[Information Boundary: Start]

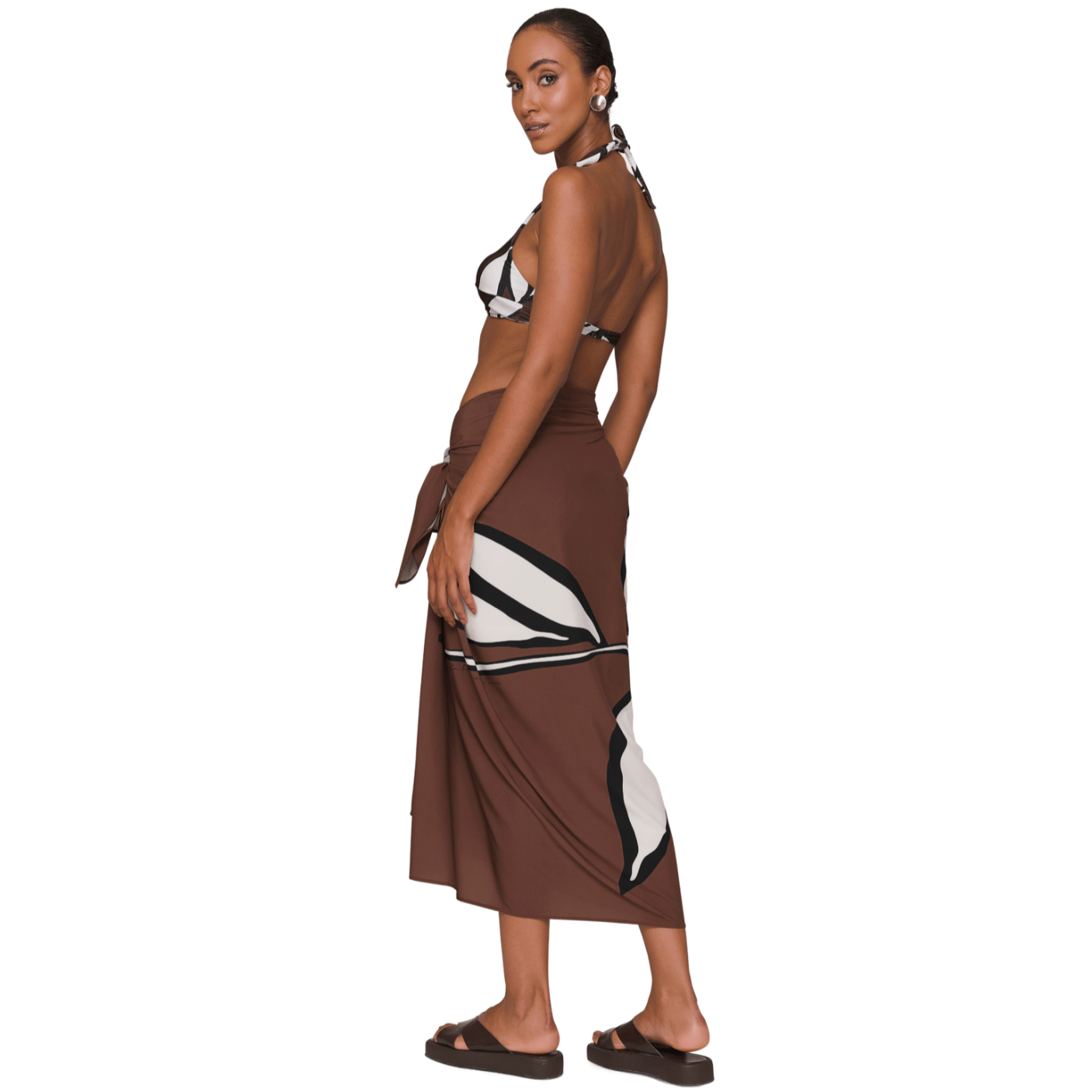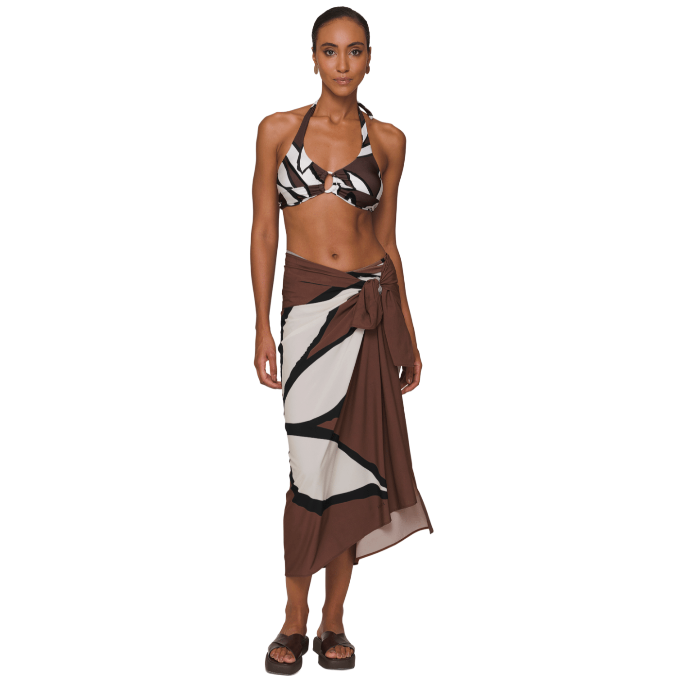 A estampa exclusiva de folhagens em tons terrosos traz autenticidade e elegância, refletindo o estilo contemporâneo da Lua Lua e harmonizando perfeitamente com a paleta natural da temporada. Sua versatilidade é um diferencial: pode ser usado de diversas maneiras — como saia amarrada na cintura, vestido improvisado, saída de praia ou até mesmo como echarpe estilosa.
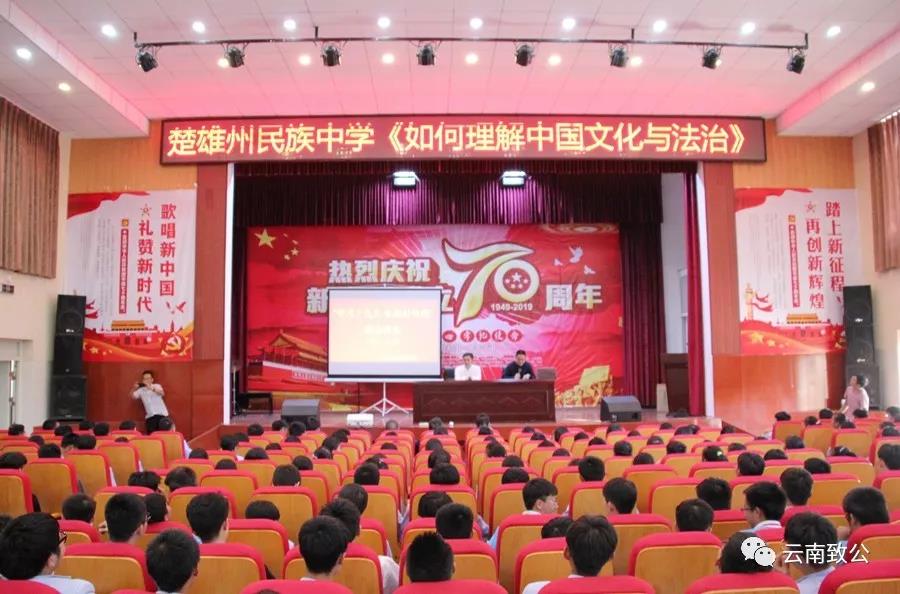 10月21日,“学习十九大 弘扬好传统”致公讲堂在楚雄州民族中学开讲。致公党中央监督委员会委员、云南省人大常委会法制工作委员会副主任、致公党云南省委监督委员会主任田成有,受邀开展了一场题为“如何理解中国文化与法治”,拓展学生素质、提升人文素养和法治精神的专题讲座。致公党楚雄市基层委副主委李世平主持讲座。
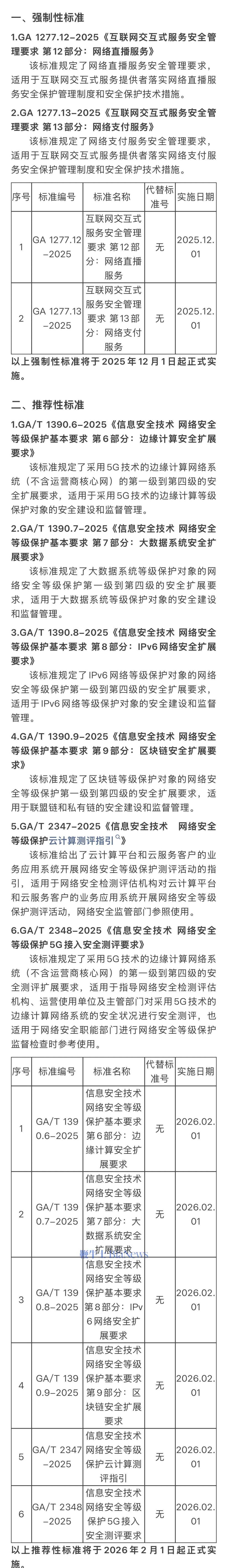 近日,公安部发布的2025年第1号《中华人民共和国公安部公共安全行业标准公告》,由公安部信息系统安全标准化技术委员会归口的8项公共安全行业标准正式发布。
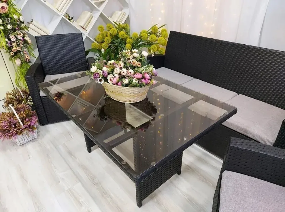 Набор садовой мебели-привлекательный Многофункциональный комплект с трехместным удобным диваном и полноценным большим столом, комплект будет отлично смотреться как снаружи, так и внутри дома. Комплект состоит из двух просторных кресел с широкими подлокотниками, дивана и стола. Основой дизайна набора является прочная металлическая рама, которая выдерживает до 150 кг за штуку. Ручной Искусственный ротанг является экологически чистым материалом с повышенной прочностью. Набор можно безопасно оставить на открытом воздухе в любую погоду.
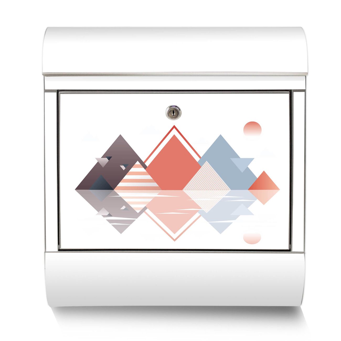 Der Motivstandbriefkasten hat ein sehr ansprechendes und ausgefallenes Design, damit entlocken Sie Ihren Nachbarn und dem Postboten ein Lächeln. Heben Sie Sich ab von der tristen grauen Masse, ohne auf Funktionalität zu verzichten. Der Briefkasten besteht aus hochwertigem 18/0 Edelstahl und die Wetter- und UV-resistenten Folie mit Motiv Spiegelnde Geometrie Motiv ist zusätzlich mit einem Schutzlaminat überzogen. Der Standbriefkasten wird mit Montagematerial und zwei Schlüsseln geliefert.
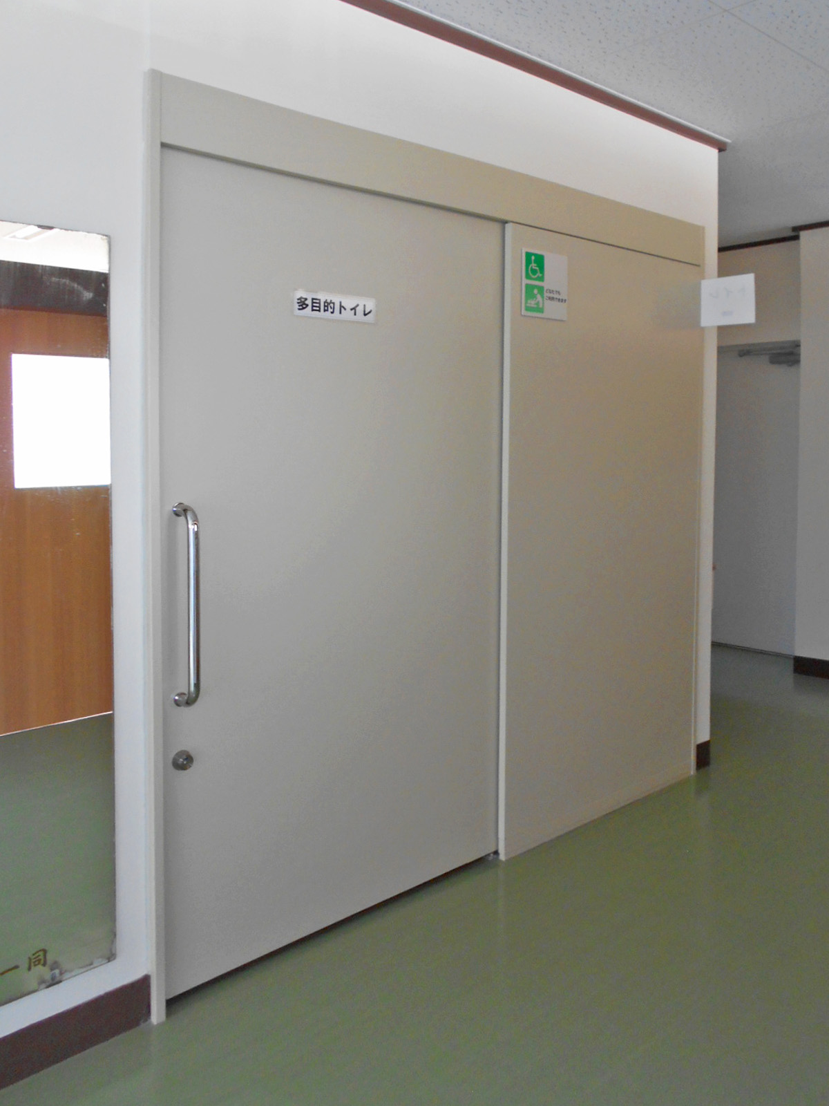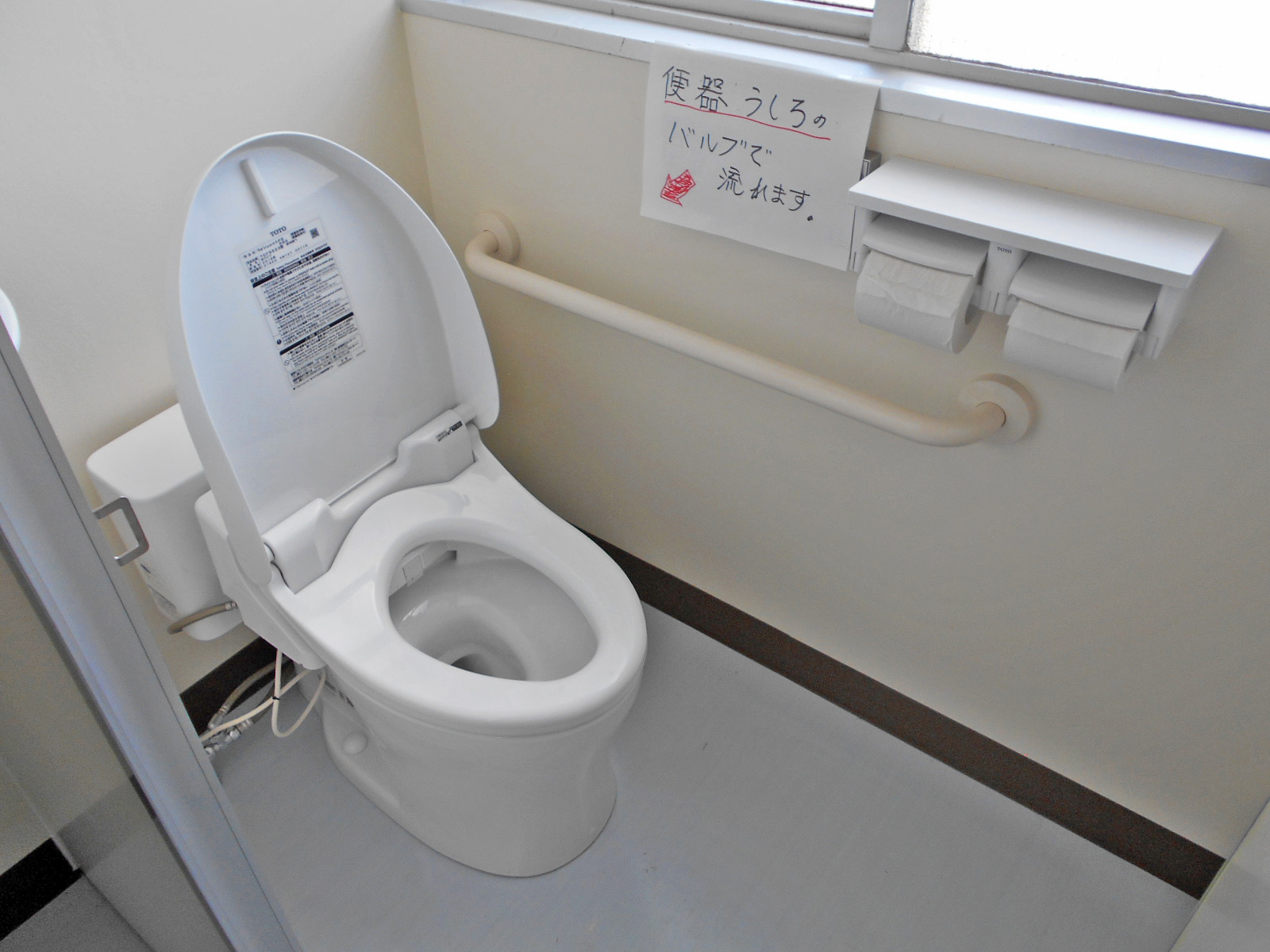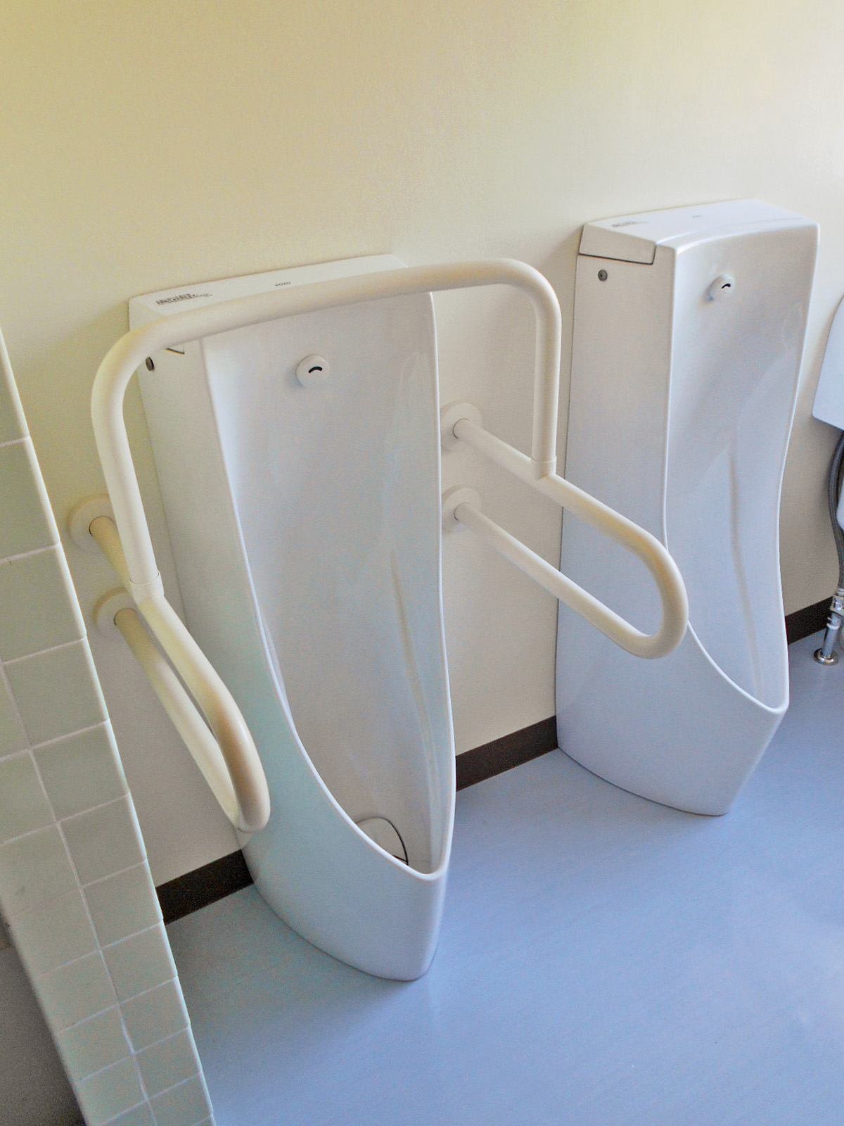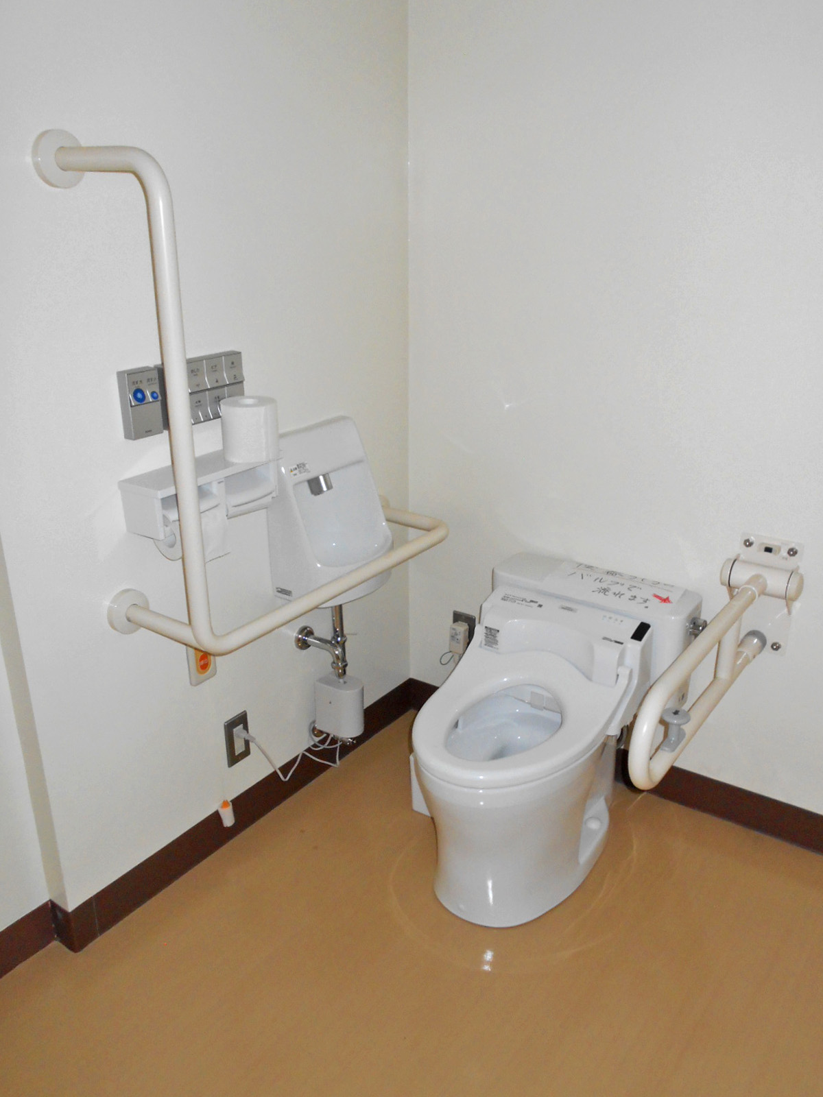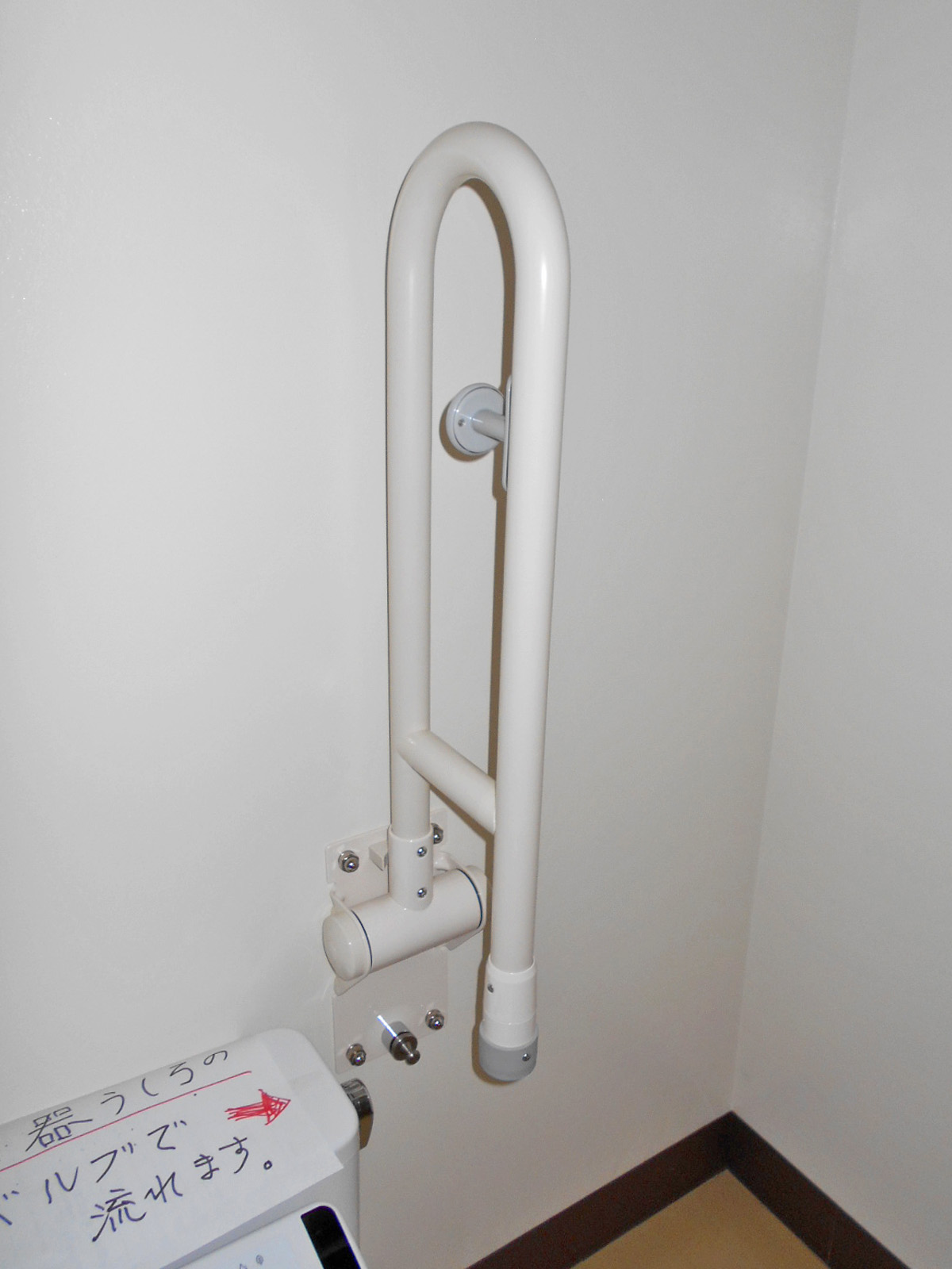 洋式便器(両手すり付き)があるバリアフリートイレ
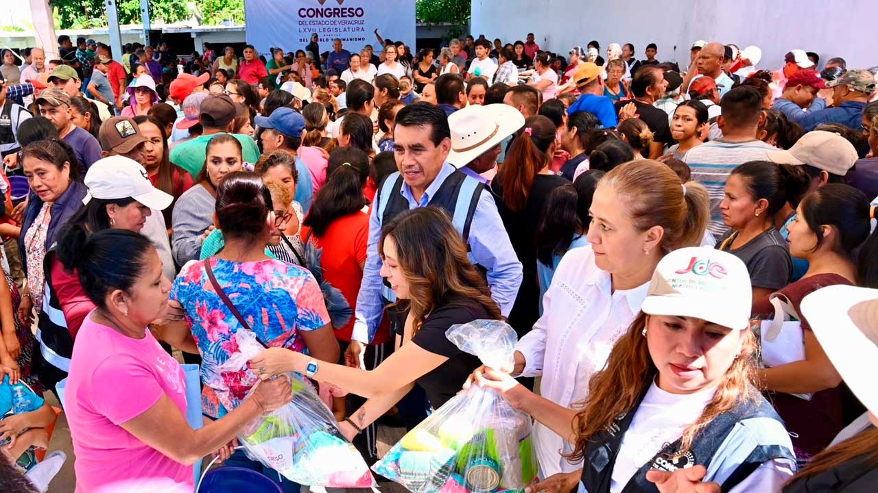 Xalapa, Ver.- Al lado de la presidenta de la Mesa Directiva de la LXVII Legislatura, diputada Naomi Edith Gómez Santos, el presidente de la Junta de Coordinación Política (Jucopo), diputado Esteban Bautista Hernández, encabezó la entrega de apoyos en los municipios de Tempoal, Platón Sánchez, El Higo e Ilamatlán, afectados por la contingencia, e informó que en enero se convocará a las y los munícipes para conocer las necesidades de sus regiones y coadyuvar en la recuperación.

[Information Boundary: End]

▶ Instructions to follow
Pictures excluded, reproduce only the part above that opens with the line holding "近日,公安部发布的2025年" and closes with the line holding "Набор садовой мебели-привлекательный", exactly as written.

▶ Answer box
 近日,公安部发布的2025年第1号《中华人民共和国公安部公共安全行业标准公告》,由公安部信息系统安全标准化技术委员会归口的8项公共安全行业标准正式发布。
 Набор садовой мебели-привлекательный Многофункциональный комплект с трехместным удобным диваном и полноценным большим столом, комплект будет отлично смотреться как снаружи, так и внутри дома. Комплект состоит из двух просторных кресел с широкими подлокотниками, дивана и стола. Основой дизайна набора является прочная металлическая рама, которая выдерживает до 150 кг за штуку. Ручной Искусственный ротанг является экологически чистым материалом с повышенной прочностью. Набор можно безопасно оставить на открытом воздухе в любую погоду.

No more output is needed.